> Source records
************

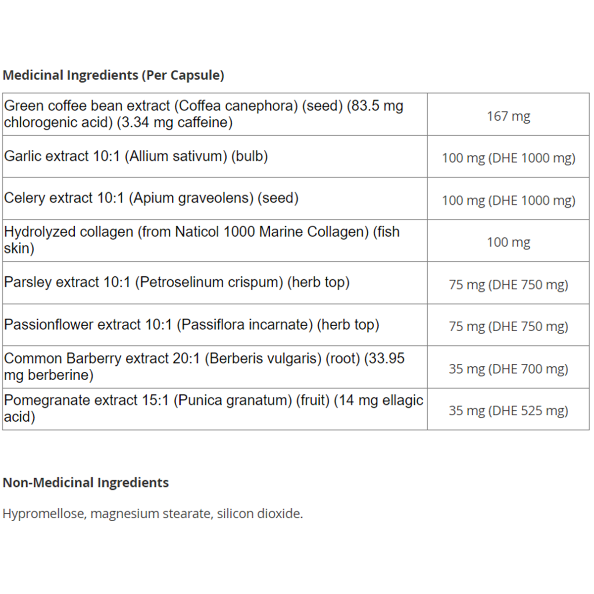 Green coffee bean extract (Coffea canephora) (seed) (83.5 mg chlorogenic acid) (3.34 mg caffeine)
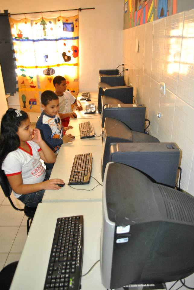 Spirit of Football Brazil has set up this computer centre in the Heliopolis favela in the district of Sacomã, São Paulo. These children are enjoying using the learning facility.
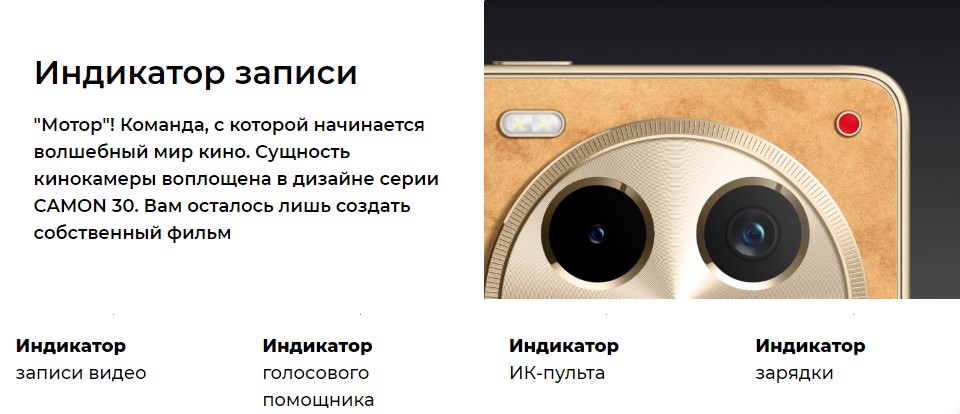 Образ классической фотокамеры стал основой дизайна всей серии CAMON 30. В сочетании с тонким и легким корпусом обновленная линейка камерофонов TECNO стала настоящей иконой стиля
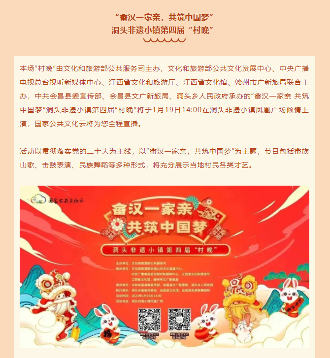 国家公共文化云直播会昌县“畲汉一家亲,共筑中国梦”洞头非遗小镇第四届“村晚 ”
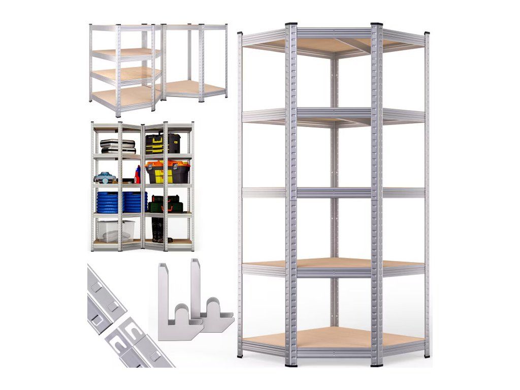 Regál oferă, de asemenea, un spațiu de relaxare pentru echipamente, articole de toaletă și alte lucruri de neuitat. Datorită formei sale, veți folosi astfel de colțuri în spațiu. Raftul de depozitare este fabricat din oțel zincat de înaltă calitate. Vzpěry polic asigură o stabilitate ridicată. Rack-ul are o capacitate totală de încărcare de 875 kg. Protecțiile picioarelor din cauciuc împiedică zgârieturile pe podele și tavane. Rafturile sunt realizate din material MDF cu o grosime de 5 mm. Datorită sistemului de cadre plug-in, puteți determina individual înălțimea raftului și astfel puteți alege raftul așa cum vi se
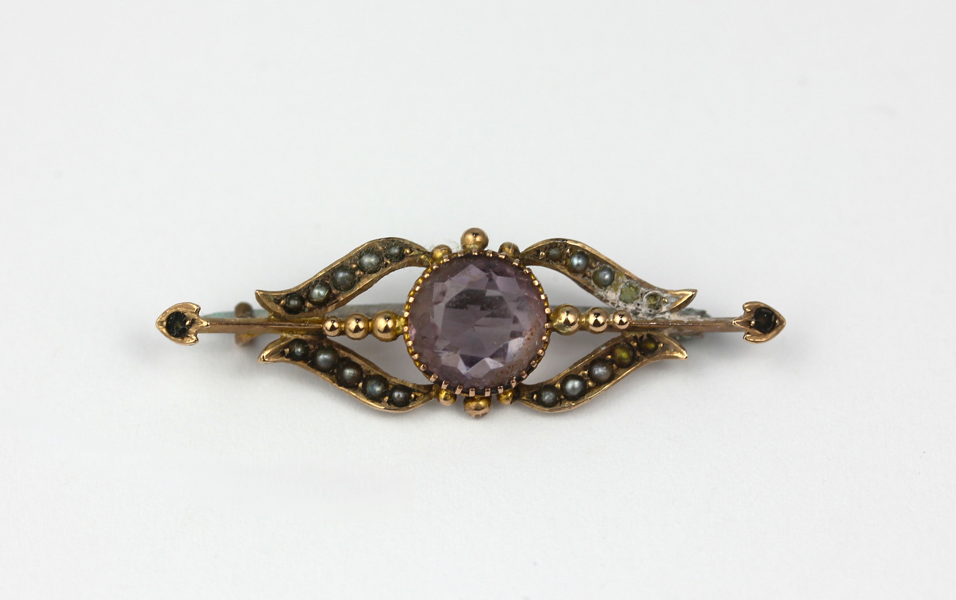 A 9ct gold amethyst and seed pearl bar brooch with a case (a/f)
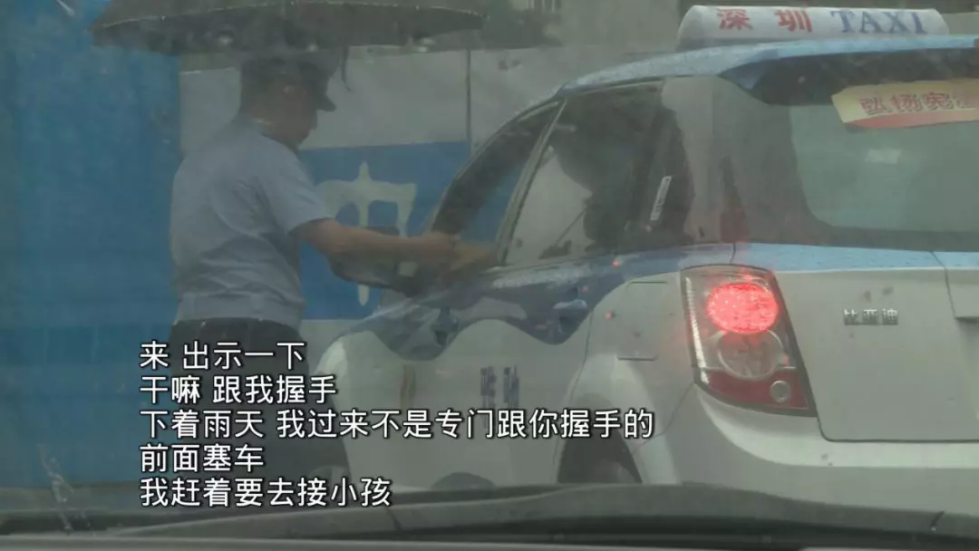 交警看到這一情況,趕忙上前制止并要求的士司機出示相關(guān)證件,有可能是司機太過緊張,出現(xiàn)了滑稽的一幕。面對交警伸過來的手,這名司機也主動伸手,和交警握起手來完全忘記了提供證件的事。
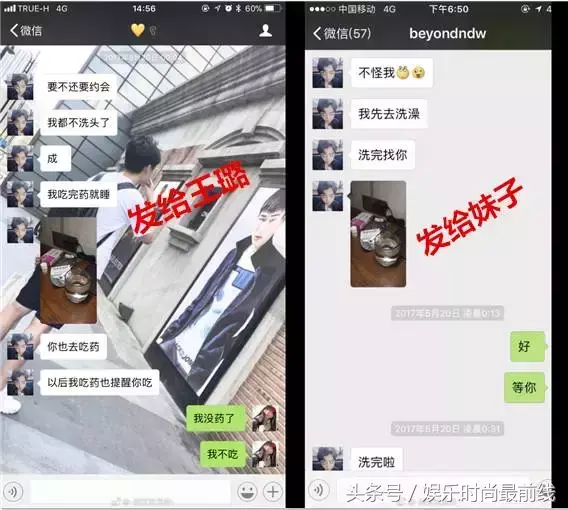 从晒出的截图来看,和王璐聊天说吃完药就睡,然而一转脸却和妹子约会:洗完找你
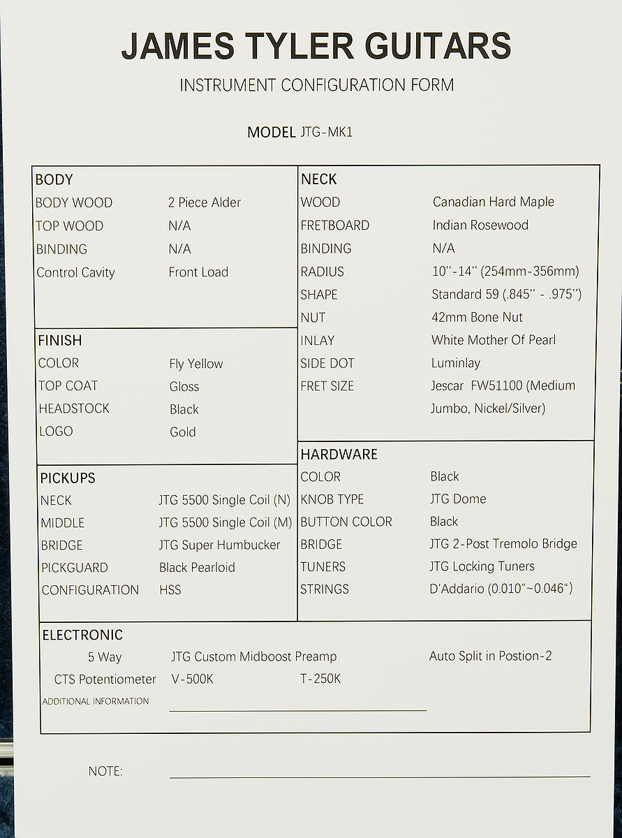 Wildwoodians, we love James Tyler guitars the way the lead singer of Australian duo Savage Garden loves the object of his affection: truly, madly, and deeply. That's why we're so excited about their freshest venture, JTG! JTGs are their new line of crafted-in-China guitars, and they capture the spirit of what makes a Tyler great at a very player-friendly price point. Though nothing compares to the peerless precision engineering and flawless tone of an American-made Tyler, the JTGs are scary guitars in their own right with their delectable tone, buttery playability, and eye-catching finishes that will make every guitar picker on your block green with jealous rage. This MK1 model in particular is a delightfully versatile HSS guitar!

************

> Exercise
Leave every image out and retype the entries above word for word.

> Answer
 Green coffee bean extract (Coffea canephora) (seed) (83.5 mg chlorogenic acid) (3.34 mg caffeine)
 Spirit of Football Brazil has set up this computer centre in the Heliopolis favela in the district of Sacomã, São Paulo. These children are enjoying using the learning facility.
 Образ классической фотокамеры стал основой дизайна всей серии CAMON 30. В сочетании с тонким и легким корпусом обновленная линейка камерофонов TECNO стала настоящей иконой стиля
 国家公共文化云直播会昌县“畲汉一家亲,共筑中国梦”洞头非遗小镇第四届“村晚 ”
 Regál oferă, de asemenea, un spațiu de relaxare pentru echipamente, articole de toaletă și alte lucruri de neuitat. Datorită formei sale, veți folosi astfel de colțuri în spațiu. Raftul de depozitare este fabricat din oțel zincat de înaltă calitate. Vzpěry polic asigură o stabilitate ridicată. Rack-ul are o capacitate totală de încărcare de 875 kg. Protecțiile picioarelor din cauciuc împiedică zgârieturile pe podele și tavane. Rafturile sunt realizate din material MDF cu o grosime de 5 mm. Datorită sistemului de cadre plug-in, puteți determina individual înălțimea raftului și astfel puteți alege raftul așa cum vi se
 A 9ct gold amethyst and seed pearl bar brooch with a case (a/f)
 交警看到這一情況,趕忙上前制止并要求的士司機出示相關(guān)證件,有可能是司機太過緊張,出現(xiàn)了滑稽的一幕。面對交警伸過來的手,這名司機也主動伸手,和交警握起手來完全忘記了提供證件的事。
 从晒出的截图来看,和王璐聊天说吃完药就睡,然而一转脸却和妹子约会:洗完找你
 Wildwoodians, we love James Tyler guitars the way the lead singer of Australian duo Savage Garden loves the object of his affection: truly, madly, and deeply. That's why we're so excited about their freshest venture, JTG! JTGs are their new line of crafted-in-China guitars, and they capture the spirit of what makes a Tyler great at a very player-friendly price point. Though nothing compares to the peerless precision engineering and flawless tone of an American-made Tyler, the JTGs are scary guitars in their own right with their delectable tone, buttery playability, and eye-catching finishes that will make every guitar picker on your block green with jealous rage. This MK1 model in particular is a delightfully versatile HSS guitar!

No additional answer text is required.